En hommage à Edward Yang récemment disparu, j'ai retrouvé ce texte écrit à l'époque de la sortie du film, pour l'émission de radio que j'animais alors :
Yi, ça veut dire «1» en taïwanais. Et Yi-yi veut dire « individuellement » ou «1 + 1». Beaucoup de choses dans le film d'Edward Yang, qui a reçu le prix de la mise en scène à Cannes, renvoient à ce motif de la répétition. Les personnages s'appellent Ting-ting, Min-min, Yang-yang ou Yum-yum. Ne riez pas, il y en a bien qui s'appellent Roger. Vous me direz : « Quel est le rapport ? », je n'en sais rien.
Yi-yi est un film taïwanais et le quatrième de son auteur. Mais les trois précédents sont plutôt mal sortis quand ils ne sont pas restés complètement inédits chez nous. C'est fort dommage à découvrir Yi-Yi, une oeuvre ample, près de trois heures de film et des dizaines de personnages, et forte.
C'est l'histoire d'une famille, ou plutôt de chacun des membres d'une famille sur une période d'environ six mois. C'est surtout une réflexion sur la vie et ses différents âges : enfance, adolescence, âge mûr et vieillesse. Une réflexion qui débouche sur un constat plutôt amer. NJ, le père, a l'occasion de revivre l'amour de sa jeunesse et peut être de tout recommencer. Pourtant, il l'avouera peu après à sa femme, il ne saisira pas cette seconde chance et poursuivra sa vie ordinaire. « Pourquoi je refais toujours les mêmes erreurs » dit un personnage. Visiblement, ce que l'on apprend avec ce que l'on appelle l'expérience, c'est que l'on apprend rien. Encore plus, on est bien incapable de transmettre cette connaissance ténue. Je parlais de motifs de répétition, de parallélismes dans le film. Au moment ou NJ s'offre une escapade japonaise avec son premier amour, sa fille, adolescente timide, vit une expérience similaire avec un jeune garçon quelque peu perturbé, et qui s'achèvera sur le même échec.
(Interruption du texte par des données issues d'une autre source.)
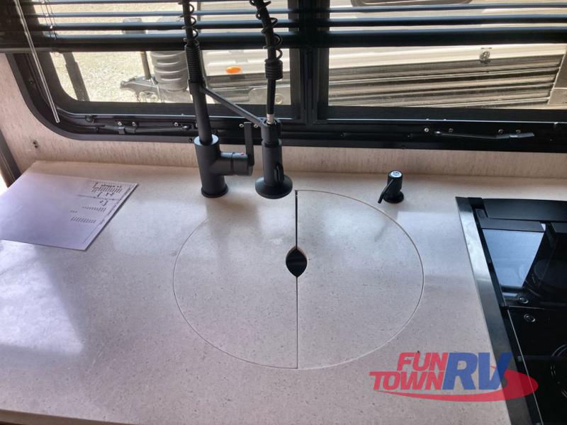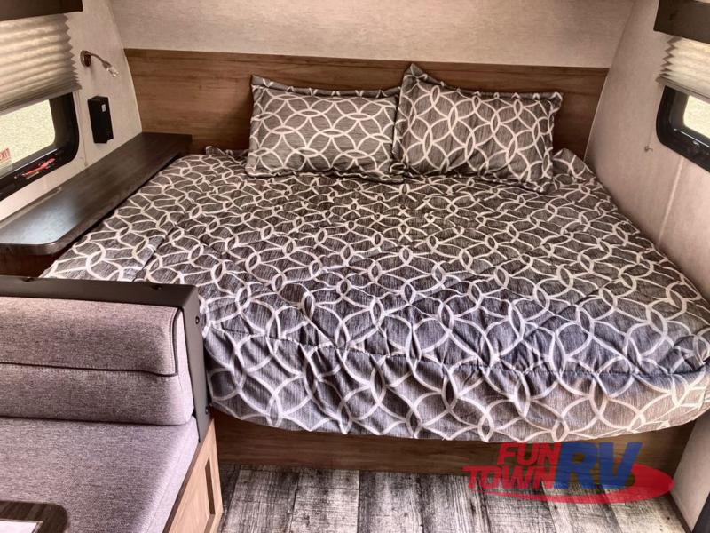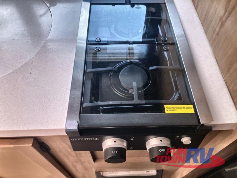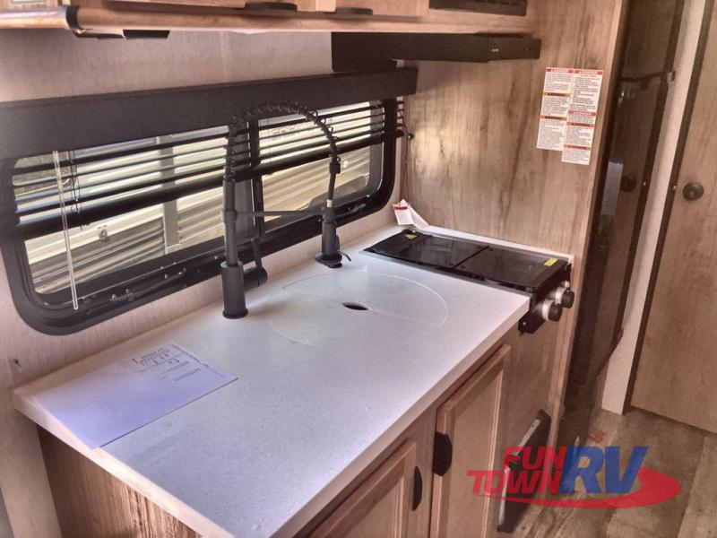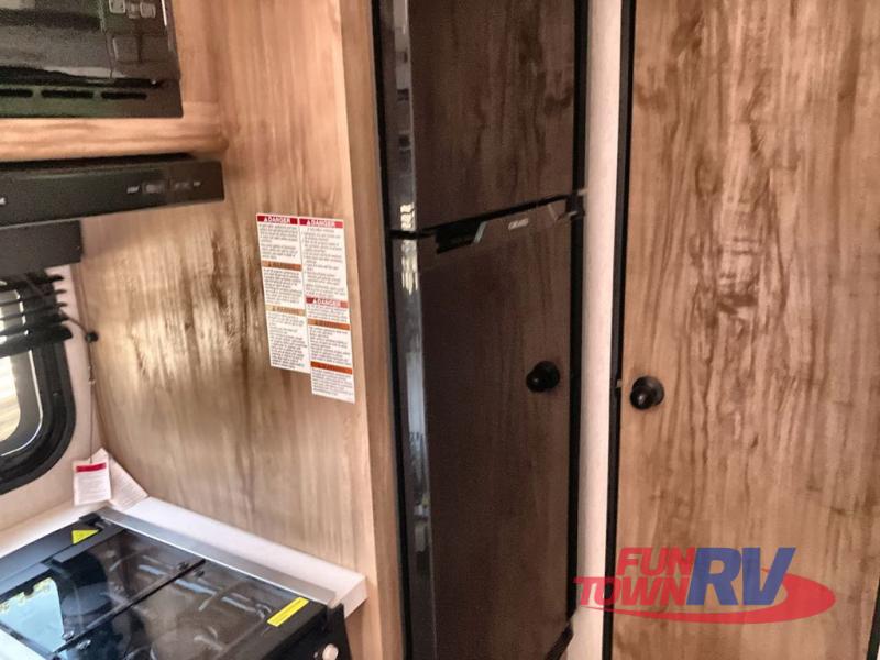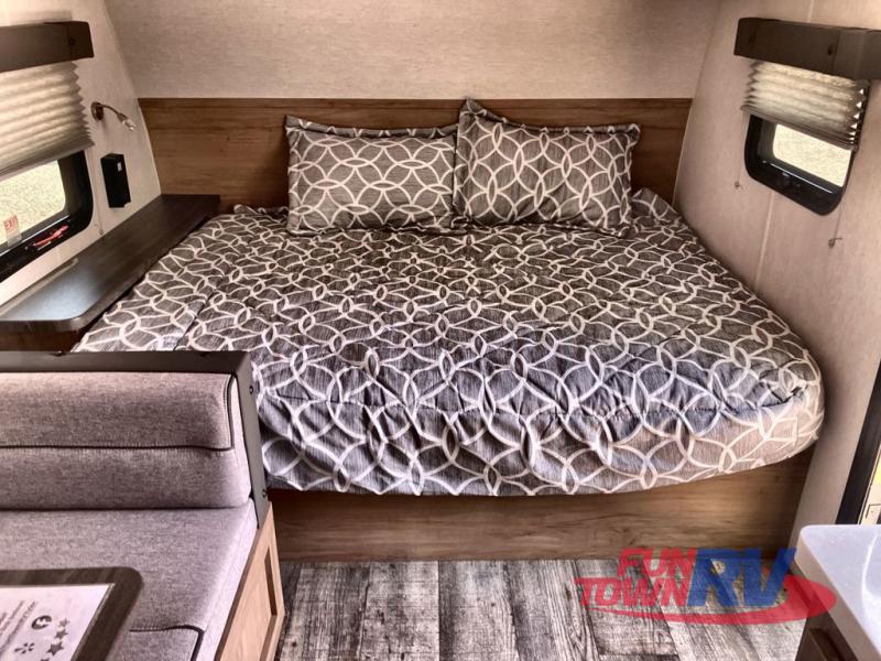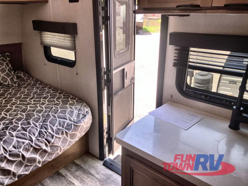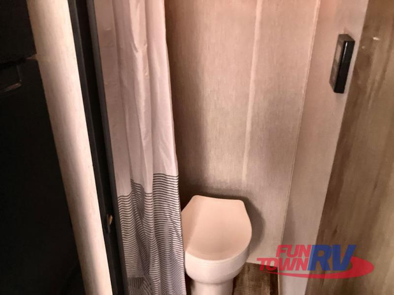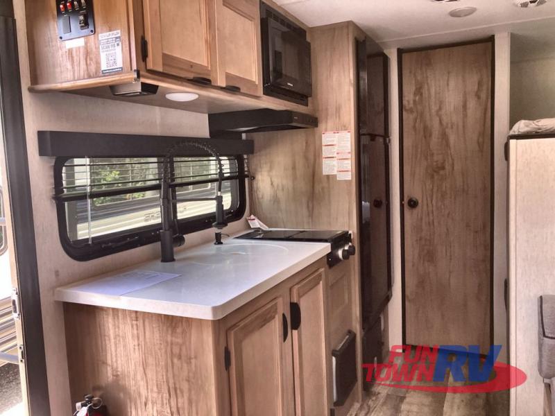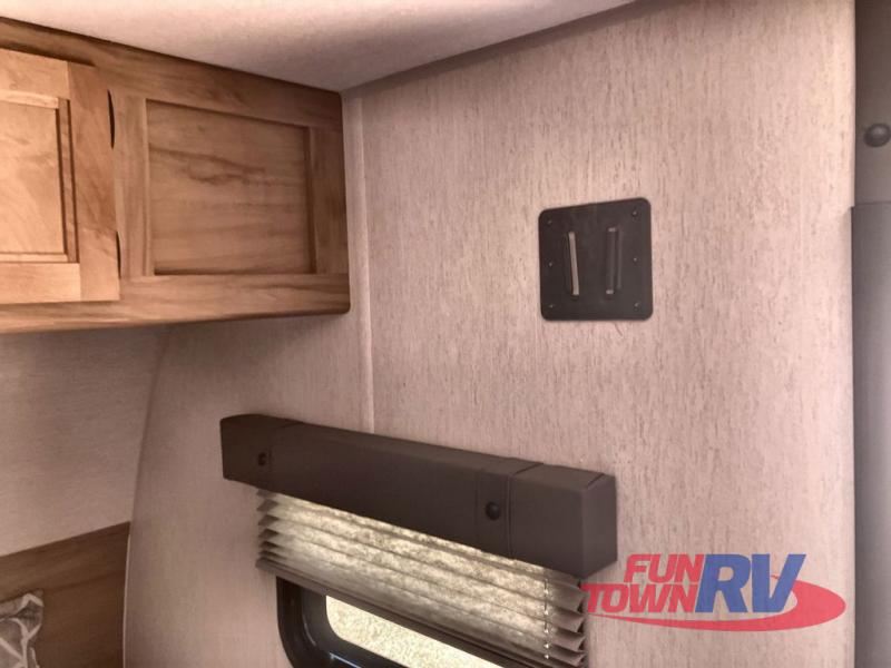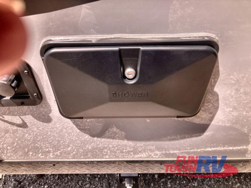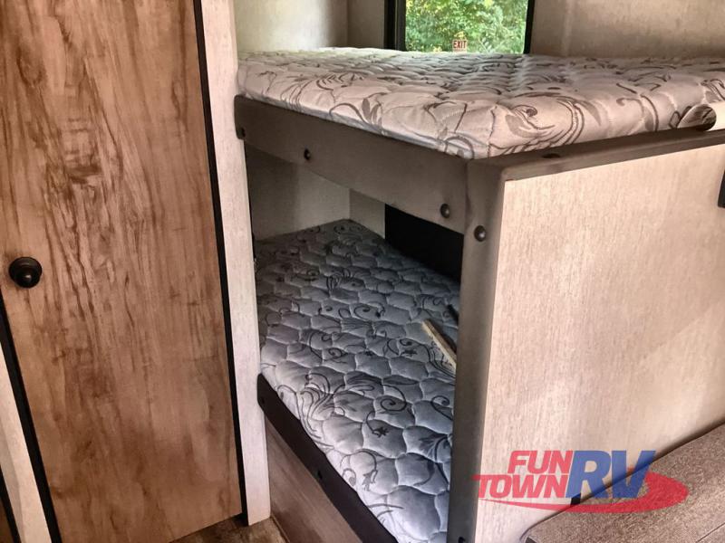 The whole family can sleep comfortably in this travel trailer! It has a set of bunk beds for the kids or guests to sleep on, and you can sleep comfortably on the front queen bed with overhead cabinets and a shelf. There is even an exterior storage plus door that accesses the storage space under the bottom bunk. The chef will enjoy preparing their best home cooked meals either indoors with the high output cooktop or at the outside mini kitchen while staying protected by the 12' power awning!

Le constat d'une vie où l'on fait ce que l'on peut, la femme de NJ lui expliquera dans une scène émouvante, mais il sera même incapable de la réconforter. Il devait, à son tour, faire sa propre expérience.
Si j'ai été sensible à ce thème, ce n'est pas le seul et ce n'est pas la seule tonalité du film. Le fils de NJ, c'est Yang-yang, un petit garçon joué de façon assez extraordinaire par Jonathan Chang. NJ veut intéresser son fils à la photographie et l'enfant décide de s'en servir pour montrer aux gens ce qu'ils ne peuvent pas voir. Métaphore du cinéma certes, Yang-yang va donc photographier les nuques des gens pour leur révéler leur face cachée. Et ainsi, il leur rend leur unicité. Face visible / Face cachée, 1 + 1. Le pouvoir de l'image et du cinéma, encore une belle idée. Et puis le film est drôle. Pas toujours, le premier déclencheur est quand même la grand-mère qui fait une attaque et reste dans le coma. Mais le film possède l'humour du quotidien que l'on trouve chez des réalisateurs comme Ozu ou Kitano. Les scènes de l'école par exemple sont franchement hilarantes, comme le personnage du beau-frère (enfin, jusqu'à sa tentative de suicide !). Le rire, les larmes, l'amour, la mort, le mariage, les compromis, les rêves, la spiritualité, Yi-yi est un grand film sur l'humanité, une tranche de vie à Taïwan en 2000 qui touche à l'universel. Une tranche de vie, que Hitchcock m'excuse, qui vaut bien des tranches de gâteaux.